Conventionally, the PID control has been used in process control such as temperature adjustment, liquid level adjustment, and flow rate adjustment. In the PID control, stable control can be performed, but an overshoot or an undershoot may occur at the time of rising. In particular, when the overshoot occurs in the temperature adjustment control, the temperature of the target does not decrease, and a problem such as the delay of production start occurs. Here, it is possible to adjust a PID gain so as not to cause the overshoot or the like. However, in that case, a settling time until the response is stabilized is lengthened. Therefore, in order to improve the control performance, currently, it takes much time and effort to adjust each coefficient of the PID to an optimum value.

In this regard, the AI control using the machine learning model has also been proposed.

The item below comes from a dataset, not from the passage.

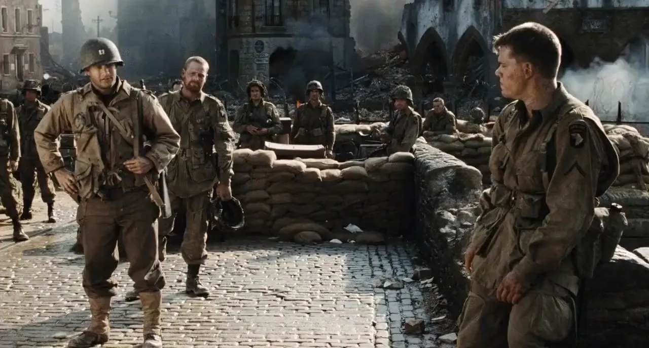 Cast: Tom Hanks as Captain John H. Miller, Tom Sizemore as Technical Sergeant Michael Horvath, Edward Burns as Private Richard Reiben, Matt Damon as Private James Francis Ryan, Barry Pepper as Private Daniel Jackson, Adam Goldberg as Private Stanley Mellish, Vin Diesel as Private Adrian Caparzo, Giovanni Ribisi as T-Medic Irwin Wade, Ted Danson as Captain Fred Hamill, Jeremy Davies as Corporal Timothy Upham, Paul Giamatti as Sergeant William Hill, Dennis Farina as Lieutenant Colonel Walter Anderson, Joerg Stadler as Steamboat Willie, Max Martini as Corporal Henderson, Dylan Bruno as Toynbe, Daniel Cerqueira as Weller, Demetri Goritsas as Parker, Ian Porter as Trask, Gary Sefton as Rice, Julian Spencer as Garrity, Steve Griffin as Wilson, William Marsh as Lyle, Marc Cass as Fallon, Markus Napier as Major Hoess, Neil Finnighan as Ramelle Paratrooper, Peter Miles as Ramelle Paratrooper, Paul Garcia as Field HQ Major, Seamus McQuade as Field HQ Aide, Ronald Longridge as Coxswain, Adam Shaw as Delancey, Rolf Saxon as Lieutenant Briggs, Corey Johnson as Radioman, Loclann Aiken as Soldier on the Beach, John Barnett as Soldier on the Beach, Maclean Burke as Soldier on the Beach, Victor Burke as Soldier on the Beach, Aiden Condron as Soldier on the Beach, Paschal Friel as Soldier on the Beach, Shane Hagan as Soldier on the Beach, Paul Hickey as Soldier on the Beach, Shane Johnson as Soldier on the Beach, Laird Macintosh as Soldier on the Beach, Brian Maynard as Soldier on the Beach, Martin McDougall as Soldier on the Beach, Mark Phillips as Soldier on the Beach, Lee Aaron Rosen as Soldier on the Beach, Andrew Scott as Soldier on the Beach, Matthew Sharp as Soldier on the Beach, Vincent Walsh as Soldier on the Beach, Grahame Wood as Soldier on the Beach, John Sharian as Corporal, Glenn Wrage as Doyle, Crofton Hardester as Senior Medical Officer, Martin Hub as Czech Wehrmacht Soldier, Raffaello Degruttola as Goldman, Nigel Whitmey as Private Boyd, Sam Ellis as Private Hastings, Erich Redman as German #1, Tilo Keiner as German #2, Stephan Grothgar as German #3 / Voice on Bullhorn, Stephane Cornicard as Jean, Michelle Evans as Jean’s Wife, Martin Beaton as Jean’s Son, Anna Maguire as Jean’s Daughter, Nathan Fillion as Minnesota Ryan, Leland Orser as Lieutenant DeWindt, Michael Mantas as Paratrooper Lieutenant, David Vegh as Paratrooper Oliver, Ryan Hurst as Paratrooper Mandelsohn, Nick Brooks as Paratrooper Joe, Sam Scudder as Paratrooper #1, John Walters as Old French Man, Dorothy Grumbar as Old French Woman, James Innes-Smith as MP Lieutenant, Harve Presnell as General Marshall, Dale Dye as War Department Colonel, Bryan Cranston as War Department Colonel, David Wohl as War Department Captain, Eric Loren as War Department Lieutenant, Valerie Colgan as War Department Clerk, Amanda Boxer as Mrs. Margaret Ryan, Harrison Young as Ryan as Old Man, Kathleen Byron as Old Mrs. Ryan, Rob Freeman as Ryan’s Son, Thomas Gizbert as Ryan’s Grandson, Nina Muschallik as Ryan’s Granddaughter (uncredited), Taylor Murphy as Sergeant Blaine (uncredited), Mac Steinmeier as Waffen SS Soldier (uncredited), Derek Lea as Bangalore Assistant (uncredited), Leo Stransky as German Sniper (uncredited), Vincent Ventresca as Soldier on Beach (uncredited)

In the AI control, when a machine learning model is generated by performing machine learning such that a phenomenon such as the overshoot is suppressed toward the target value of a certain control target to be stabilized more quickly to the vicinity of the target value, expected control can be performed. One of methods for generating such a machine learning model is reinforcement learning. In general, in a reinforcement learning algorithm, at the initial stage of learning, the machine learning model takes an action of randomly changing the manipulated variable, and the machine learning model is updated by repeating a large number of trials and errors. In this case, it is a current problem that it takes an enormous learning time to complete a model with an excellent control performance. In addition, when the reinforcement learning is applied to an N-order delay system such as temperature control having a long response time, the randomness of action choice at the initial stage of learning and the setting of an inappropriate action width cause a problem that convergence to the target value cannot be achieved even when the learning is repeatedly executed, or a model with an excellent control performance cannot be obtained.

In this regard, the learning device 100 according to the present embodiment initializes the machine learning model to be used for the AI control of the control target 20 by performing the preliminary learning before the start of the reinforcement learning of the machine learning model. That is, the learning device 100 according to the present embodiment initializes the machine learning model in order to start the reinforcement learning of the machine learning model from a state where prior knowledge is introduced by the preliminary learning instead of starting the reinforcement learning from a fresh state. As a result, according to the learning device 100 according to the present embodiment, the prior knowledge of control is introduced into the machine learning model, and thus it is possible to shorten the learning time in the subsequent reinforcement learning and improve the accuracy of the model. That is, at the initial stage of learning of the reinforcement learning to be executed afterwards, the machine learning model does not choose the action of randomly changing the manipulated variable, but chooses an action on the basis of the initialization including the know-how of the PID control, manual operation, or the like. Thus, it is possible to obtain a model that achieves more excellent control performance with a small number of times of learning.

The learning device 100 according to the present embodiment selects the initialization data and extracts the sample data used for the preliminary learning from the selected initialization data. As a result, the learning device 100 according to the present embodiment does not use all the acquired initialization data in the preliminary learning, but actively uses, for example, data when the control performance is excellent or data with a low similarity, and thus it is possible to further shorten the learning time and improve the accuracy of the model.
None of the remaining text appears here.